→ Task details:
Without the pictures, set down everything in the listing exactly.

→ Provided data:
^^^^^^^^^^^^^^^^

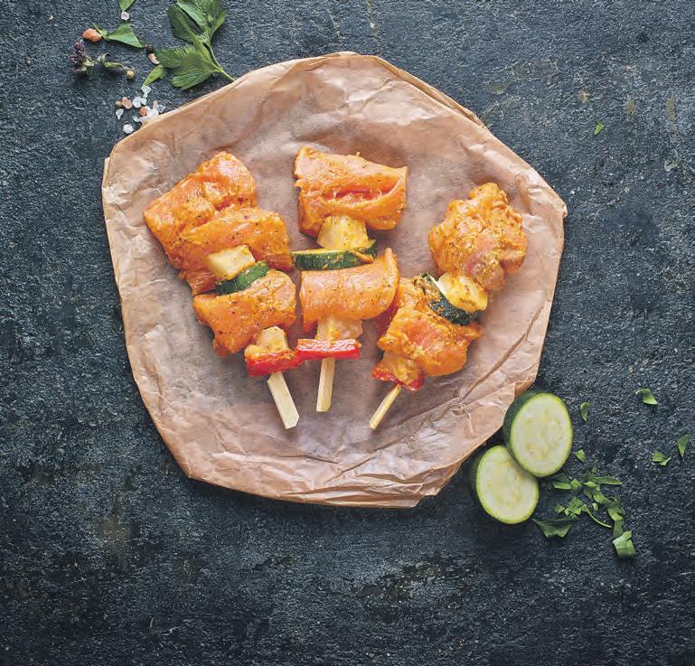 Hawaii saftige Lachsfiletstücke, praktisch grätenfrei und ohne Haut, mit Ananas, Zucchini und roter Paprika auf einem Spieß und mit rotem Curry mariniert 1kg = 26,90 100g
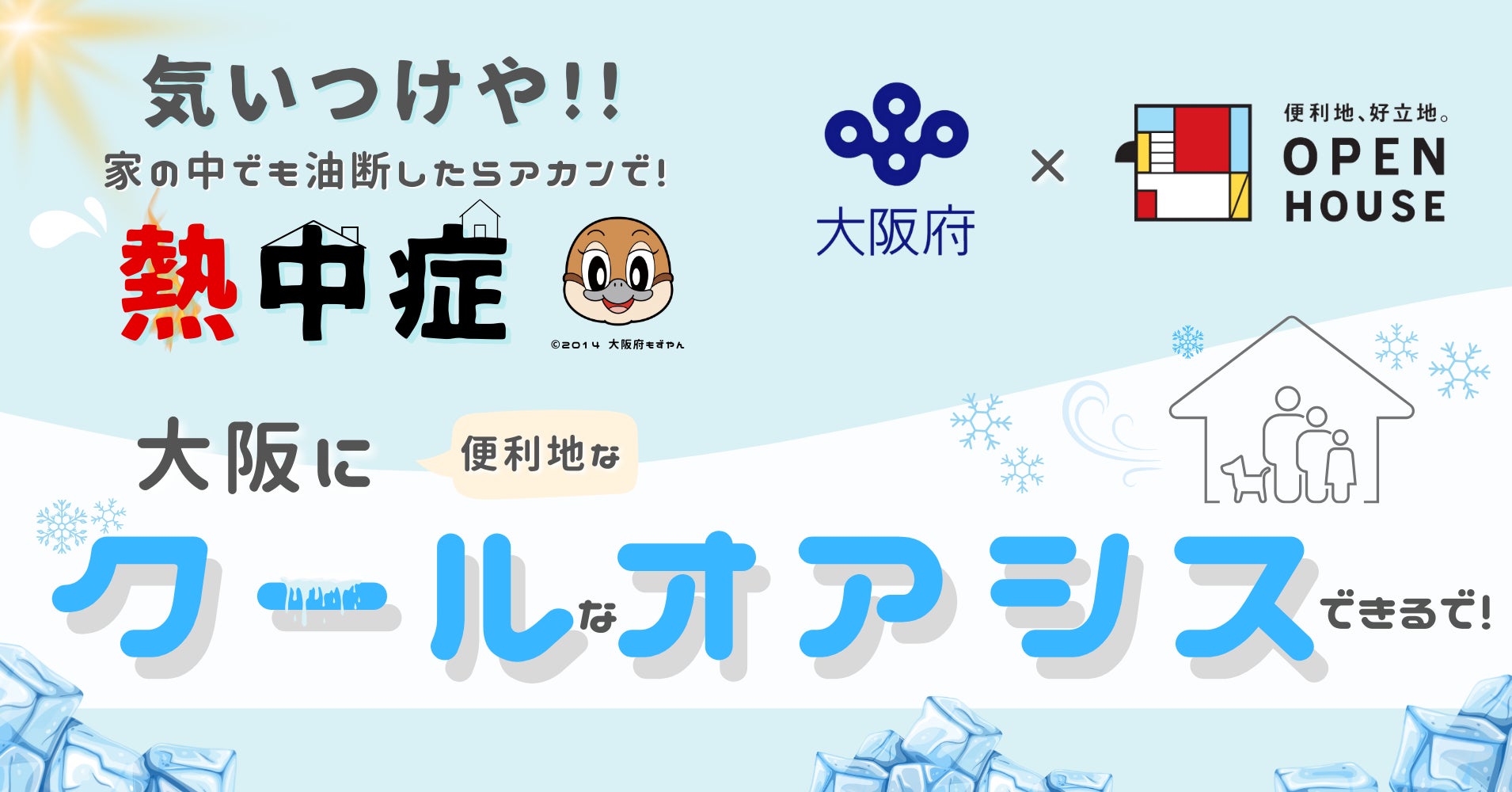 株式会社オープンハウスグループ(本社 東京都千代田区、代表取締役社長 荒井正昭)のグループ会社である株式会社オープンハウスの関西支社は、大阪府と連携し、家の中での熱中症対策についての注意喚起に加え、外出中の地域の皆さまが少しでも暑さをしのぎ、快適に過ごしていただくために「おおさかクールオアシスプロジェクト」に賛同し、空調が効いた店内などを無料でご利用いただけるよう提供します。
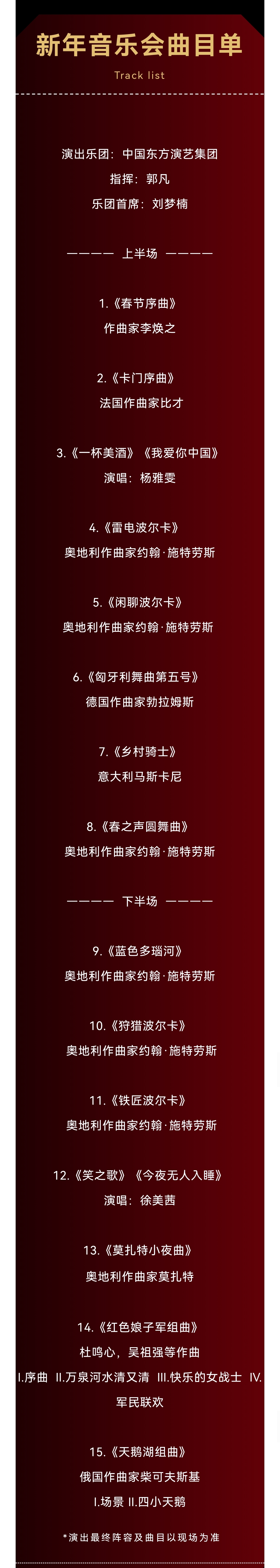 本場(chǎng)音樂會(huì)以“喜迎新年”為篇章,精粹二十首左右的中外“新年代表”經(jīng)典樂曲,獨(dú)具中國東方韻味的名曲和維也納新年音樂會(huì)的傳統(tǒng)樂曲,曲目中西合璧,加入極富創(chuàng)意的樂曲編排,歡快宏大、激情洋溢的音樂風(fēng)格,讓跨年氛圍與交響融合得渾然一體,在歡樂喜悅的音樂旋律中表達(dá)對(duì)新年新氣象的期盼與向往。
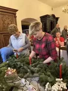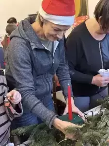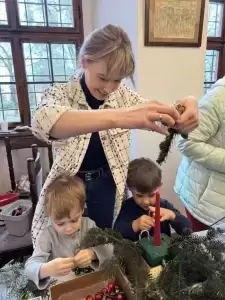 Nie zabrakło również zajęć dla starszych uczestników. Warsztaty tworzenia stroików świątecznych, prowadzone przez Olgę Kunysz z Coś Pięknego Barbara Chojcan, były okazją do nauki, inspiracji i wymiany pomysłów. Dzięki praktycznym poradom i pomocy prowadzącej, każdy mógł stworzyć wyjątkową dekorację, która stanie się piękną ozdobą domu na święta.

^^^^^^^^^^^^^^^^

→ Result of the task:
 Hawaii saftige Lachsfiletstücke, praktisch grätenfrei und ohne Haut, mit Ananas, Zucchini und roter Paprika auf einem Spieß und mit rotem Curry mariniert 1kg = 26,90 100g
 株式会社オープンハウスグループ(本社 東京都千代田区、代表取締役社長 荒井正昭)のグループ会社である株式会社オープンハウスの関西支社は、大阪府と連携し、家の中での熱中症対策についての注意喚起に加え、外出中の地域の皆さまが少しでも暑さをしのぎ、快適に過ごしていただくために「おおさかクールオアシスプロジェクト」に賛同し、空調が効いた店内などを無料でご利用いただけるよう提供します。
 本場(chǎng)音樂會(huì)以“喜迎新年”為篇章,精粹二十首左右的中外“新年代表”經(jīng)典樂曲,獨(dú)具中國東方韻味的名曲和維也納新年音樂會(huì)的傳統(tǒng)樂曲,曲目中西合璧,加入極富創(chuàng)意的樂曲編排,歡快宏大、激情洋溢的音樂風(fēng)格,讓跨年氛圍與交響融合得渾然一體,在歡樂喜悅的音樂旋律中表達(dá)對(duì)新年新氣象的期盼與向往。
 Nie zabrakło również zajęć dla starszych uczestników. Warsztaty tworzenia stroików świątecznych, prowadzone przez Olgę Kunysz z Coś Pięknego Barbara Chojcan, były okazją do nauki, inspiracji i wymiany pomysłów. Dzięki praktycznym poradom i pomocy prowadzącej, każdy mógł stworzyć wyjątkową dekorację, która stanie się piękną ozdobą domu na święta.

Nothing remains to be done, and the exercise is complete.